A committee of eight members of the board and chaired by Linsk is considering its options for a new CEO. They shared with TC Jewfolk that they are, “working with a search consultant, and exploring all possibilities in order to fill the position within a reasonable timeframe.” A job posting has not yet been publicly posted.

Prottas said the communication of how campaigns are tracking relative to their goals will change in the future, including, “a transition to a more aligned campaign calendar with our fiscal and allocations calendar to reduce speculative commitments.”

“In my short time at Federation, I’ve had a significant number of conversations about this and other issues that speak to us being more transparent,” he said. “As we move forward, the way we report campaign progress will be different because I’m a different CDO. I want to communicate based on what we know, not what we think.

“While there might have been a few things we could have done better over the years, we always maintained our commitment to local organizations and made sure that was always made whole regardless of whatever the financial situation was.”

In subsequent emails received by TC Jewfolk from the St.

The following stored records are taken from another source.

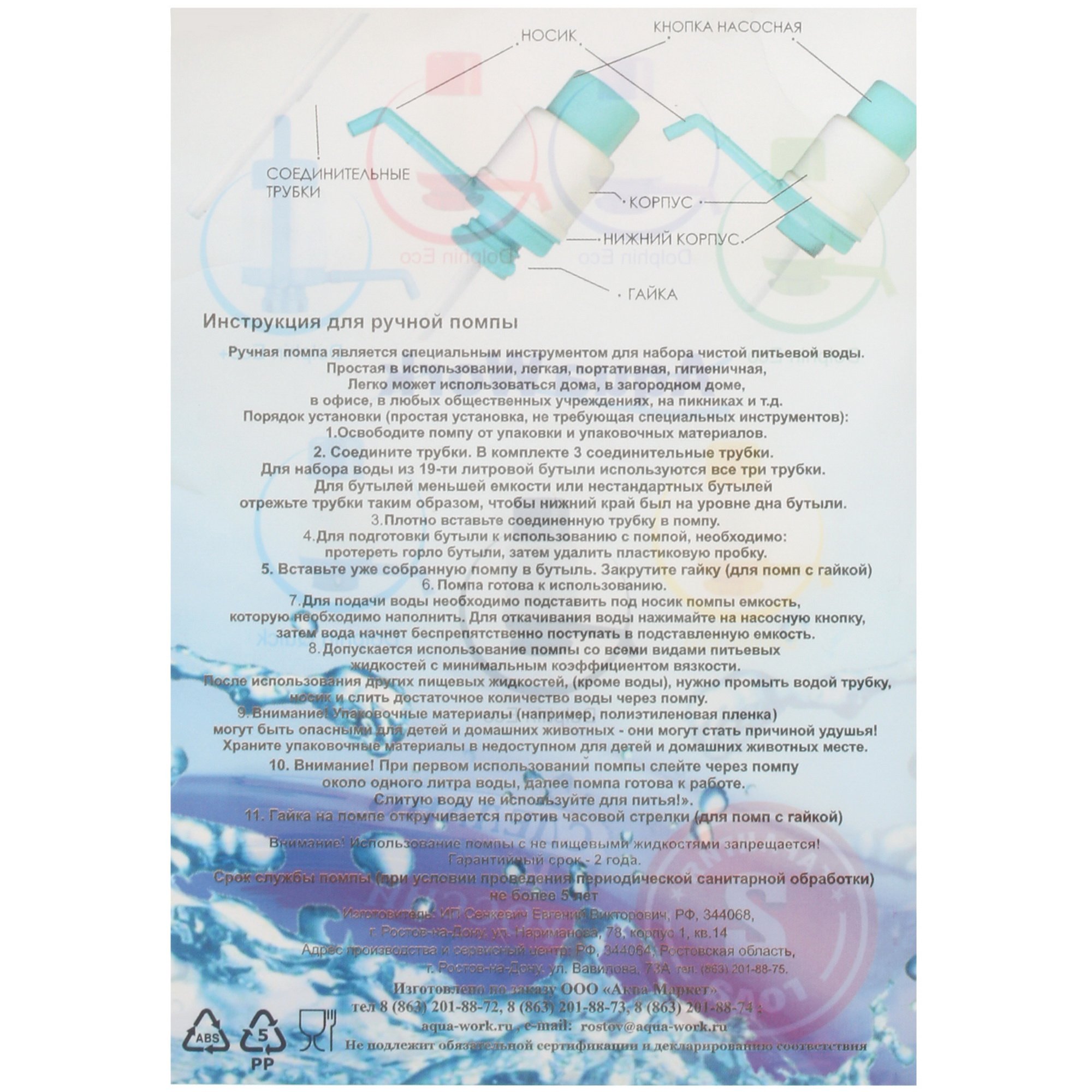Помпа для воды Дельфин ЭКО обладает простой и надежной конструкцией с механическим насосом. Эргономичная нажимная кнопка, которая не шатается и отличается низким уровнем шума, обеспечивает удобство в эксплуатации устройства. Помпа для воды Дельфин ЭКО подходит для установки на бутыли объемом 12 л и 19 л. Фиксация на горлышке бутыли осуществляется при помощи надежного цангового зажима. В комплекте поставляются съемный носик и 3 соединительные трубки. Изделие выполнено из прочного и безопасного пищевого пластика в красочной расцветке.
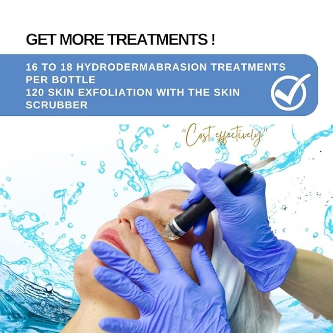 - MORE TREATMENTS PER BOTTLE. Each bottle contains 16 Oz of solution, you can perform up to 18 hydrodermabrasion or 60 sonic exfoliation treatments per bottle.
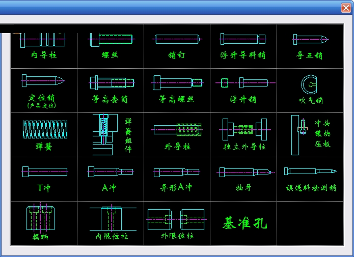 "标准件绘制"用于绘制各种标准件,如内/外导柱、螺丝、弹簧等等,以及各标准件的零件图。
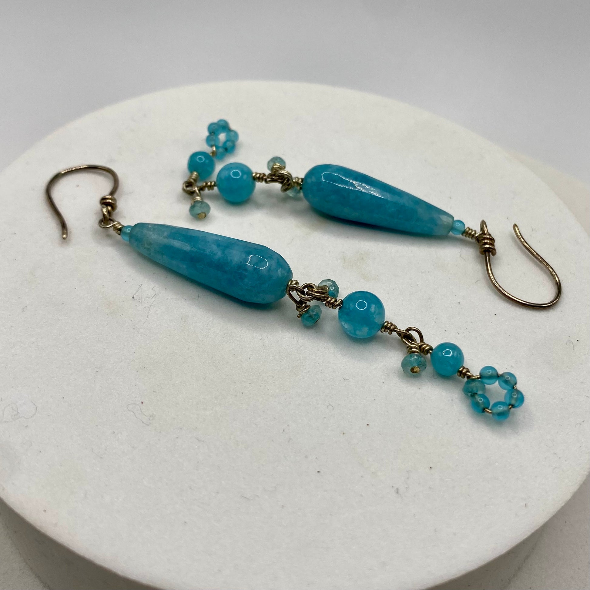 Long Aquamarine & Angelite Dangle Earrings by Hip Chick Glass, Sterling Silver Earrings, Handmade Gemstone Jewelry, March Birthstone Gift
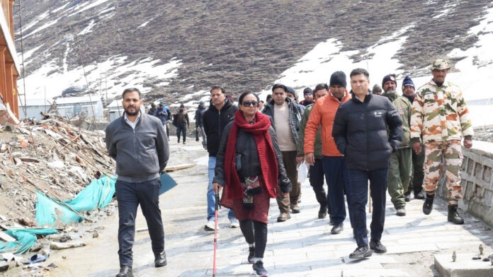 केदारनाथ में यात्रा तैयारियों का जायजा लेते मुख्य सचिव।
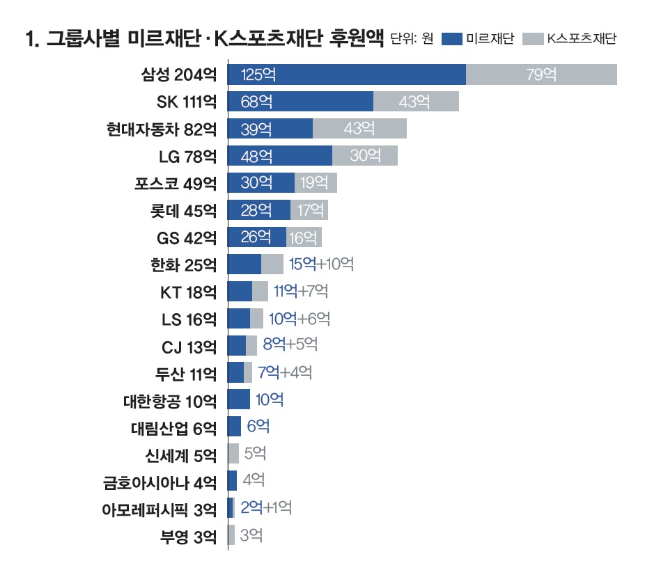 1. 그룹사별 미르재단·K스포츠재단 후원액
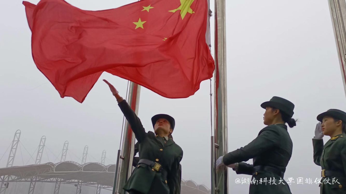 早上7:00,升旗仪式正式开始。仪仗队站在红色跑道上昂首挺胸,整装待发,在全场注目下,他们护送着鲜艳的五星红旗,铿锵有力的步伐,整齐划一的动作,坚毅果敢的目光,无一不向众人展示着,他们对国旗的热爱,对升旗的决心。随着主持人的一声:“升国旗,奏唱国歌!”国旗随风飘扬,缓慢升起,仪仗队全体成员挥臂敬礼,全体师生行注目礼。
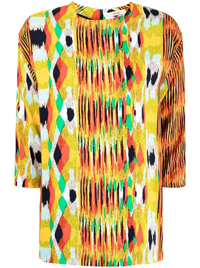 circa 2000s multicolour silk abstract pattern print round neck drop shoulder three-quarter length sleeves straight hem
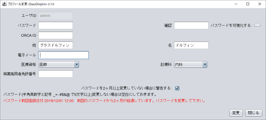 パスワードを2ヶ月変更していない場合、警告画面が表示されます。
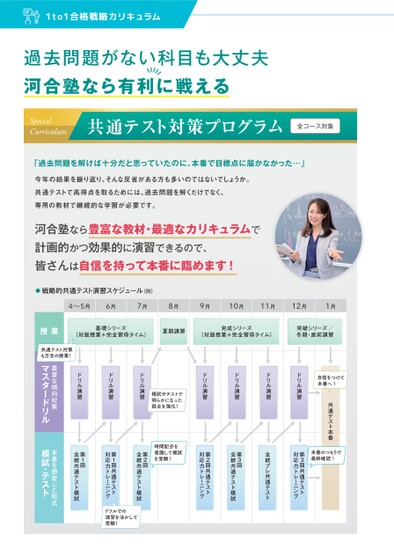 SpecialCurriculum共通テスト対策プログラム全コース対象「過去問題を解けば十分だと思っていたのに、本番で目標点に届かなかった…」今年の結果を振り返り、そんな反省がある方も多いのではないでしょうか。共通テストで高得点を取るためには、過去問題を解くだけでなく、専用の教材で継続的な学習が必要です。河合塾なら豊富な教材・最適なカリキュラムで計画的かつ効果的に演習できるので、皆さんは自信を持って本番に臨めます!●戦略的共通テスト演習スケジュール(例)4〜5月6月7月8月9月10月11月12月1月授業基礎シリーズ(対面授業+完全習得タイム)夏期講習完成シリーズ(対面授業+完全習得タイム)突破シリーズ/冬期・直前講習自信をつけて本番へ!ドリル演習共通テスト本番本番のつもりで最終確認!第3回共通テスト対応力トレーニングドリル演習全統プレ共通テストドリル演習ドリル演習第3回全統共通テスト模試第2回共通テスト対応力トレーニング模試やテストで明らかになった弱点を強化!時間配分を意識して模試を受験!ドリル演習ドリル演習ドリル演習ドリルでの演習を活かして受験!第2回全統共通テスト模試第1回共通テスト対応力トレーニング第1回全統共通テスト模試共通テスト対策も万全の授業!豊富な傾向対策マスタードリル本番を想定した形式模試・テスト過去問題がない科目も大丈夫河合塾なら有利に戦える

Paul Federation leadership team, the Federation emphasized their increased commitment to accountability and transparency by their staff and Board as well as a commitment to be more communicative and transparent with the broader community on specifics related to their campaigns and allocations. They also indicated a commitment to Board development and training to ensure that the Board has a full understanding of roles and responsibilities going forward.

In January, JFNA’s President and CEO Jerry Silverman and Executive Vice President Mark Gervis were among the staff who were in town to meet with St. Paul’s interim leadership team.

“I think it was a good, open, honest discussion that will help our organization move forward in a good way,” said Prottas. “I think JFNA got answers to their questions and they could impart their wisdom on us. We all expect things to be stronger and better moving forward.”